Spock/Crusher

Spock and Crusher are early-access testbed systems located at Oak Ridge Leadership Computing Facility (OLCF).

Each Spock compute node consists of one 64-core AMD EPYC “Rome” CPU and four AMD MI100 GPUs.

Each Crusher compute node contains a 64-core AMD EPYC and 4 AMD MI250X GPUs (8 Graphics Compute Dies).

These systems use the SLURM scheduler to submit jobs from login nodes to run on the compute nodes.

Configuring Python and Installation

Begin by loading the python module:

module load cray-python

Job Submission

Slurm is used for job submission and management. libEnsemble runs on the compute nodes using either multi-processing or mpi4py.

If running more than one worker per node, the following is recommended to prevent resource conflicts:

export SLURM_EXACT=1
export SLURM_MEM_PER_NODE=0

Installing libEnsemble and dependencies

libEnsemble can be installed via pip:

pip install libensemble

Example

To run the forces_gpu tutorial on Spock or Crusher.

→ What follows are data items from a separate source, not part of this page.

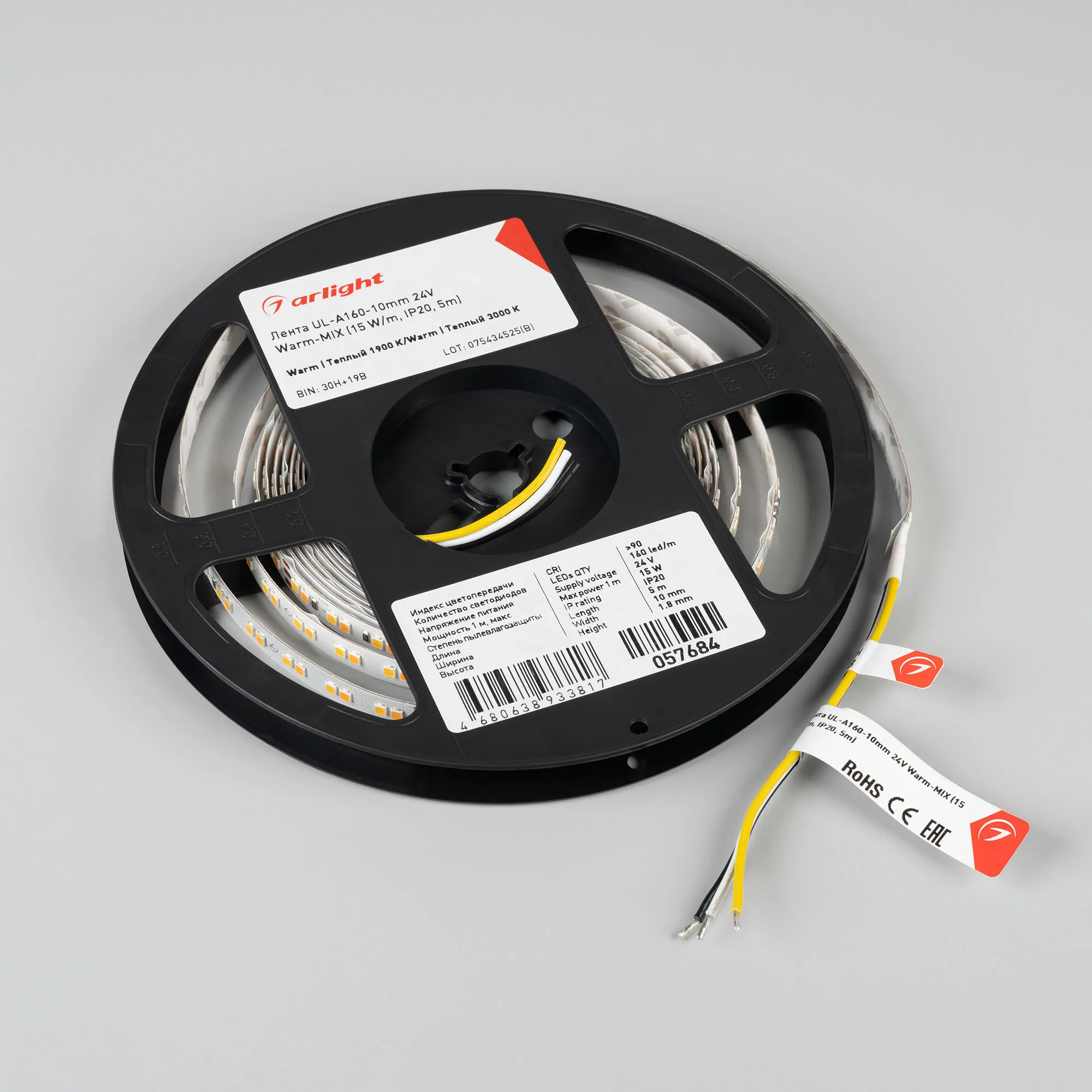 Лента UL-A160-10mm 24V Warm-MIX (15 W/m, IP20, 5m) (Arlight, Изменяемая ЦТ)
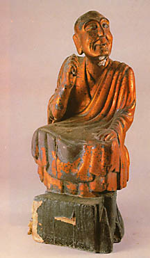 Lohan esculpido en madera que se encuentra en el Monasterio de Nan Hua Si, fundado en el año 675 a. C. por Hui Neng, el Sexto y Último Patriarca Zen. El Monasterio fue renovado paulatinamente durante la dirección sacerdotal del Maestro Han Shan en el siglo dieciséis. |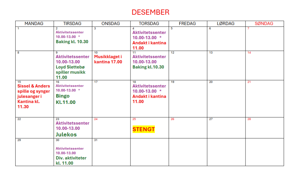 Aktivitetskafeen på Sirdalsheimen byr på flere hyggelige sammenkomster i desember. Her kan du delta på sang, musikk, bingo, baking og andakter i vinterens første måned.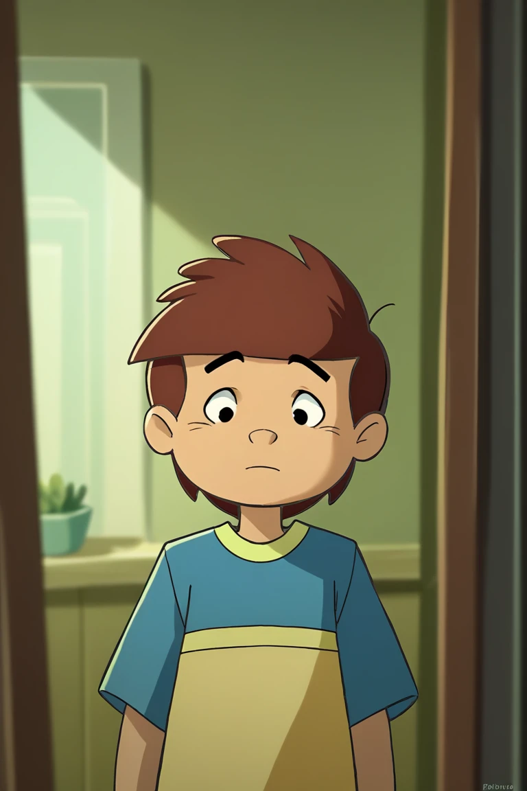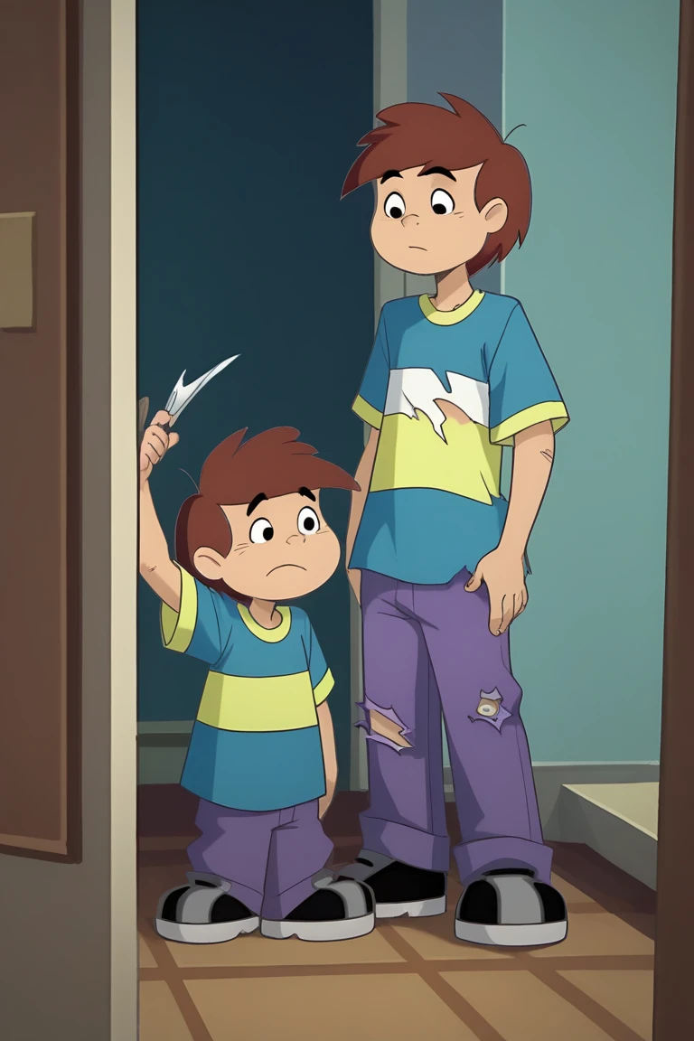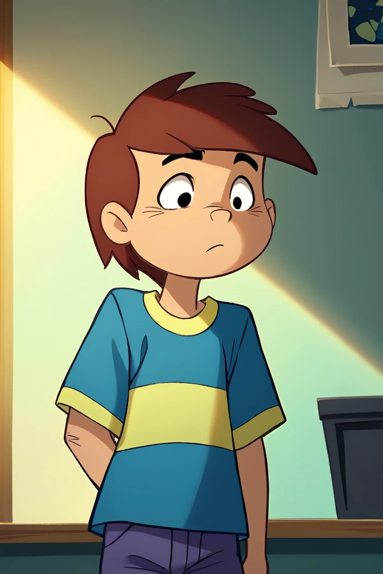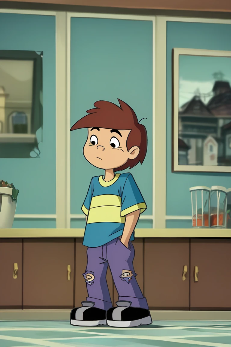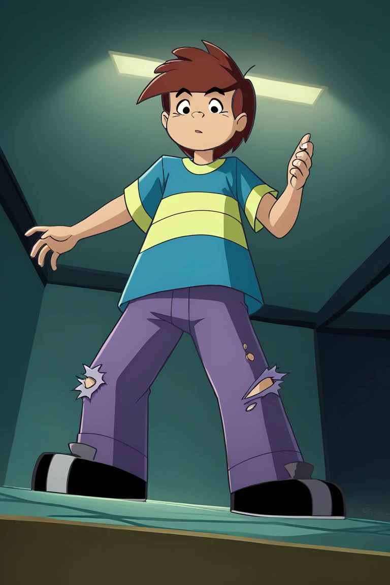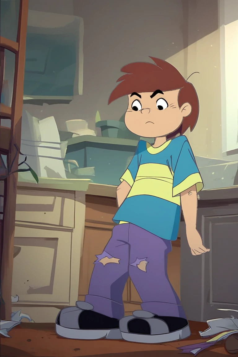 Trained tags: kevin_whitney, 1boy, brown hair, striped shirt, shoes, torn clothes, pants, black eyes, (Remove shoes and pants to have medium shots or close ups)

To obtain the example you can git clone libEnsemble - although only the forces sub-directory is needed:

git clone https://github.com/Libensemble/libensemble
cd libensemble/libensemble/tests/scaling_tests/forces/forces_app

To compile forces (in addition to cray-python module):

module load rocm
module load craype-accel-amd-gfx90a # (craype-accel-amd-gfx908 on Spock)
cc -DGPU -I${ROCM_PATH}/include -L${ROCM_PATH}/lib -lamdhip64 -fopenmp -O3 -o forces.x forces.c

Now go to forces_gpu directory:

cd ../forces_gpu

Now grab an interactive session on one node:

salloc --nodes=1 -A <project_id> --time=00:10:00

Then in the session run:

python run_libe_forces.py --comms local --nworkers 4

To see GPU usage, ssh into the node you are on in another window and run:

module load rocm
watch -n 0.1 rocm-smi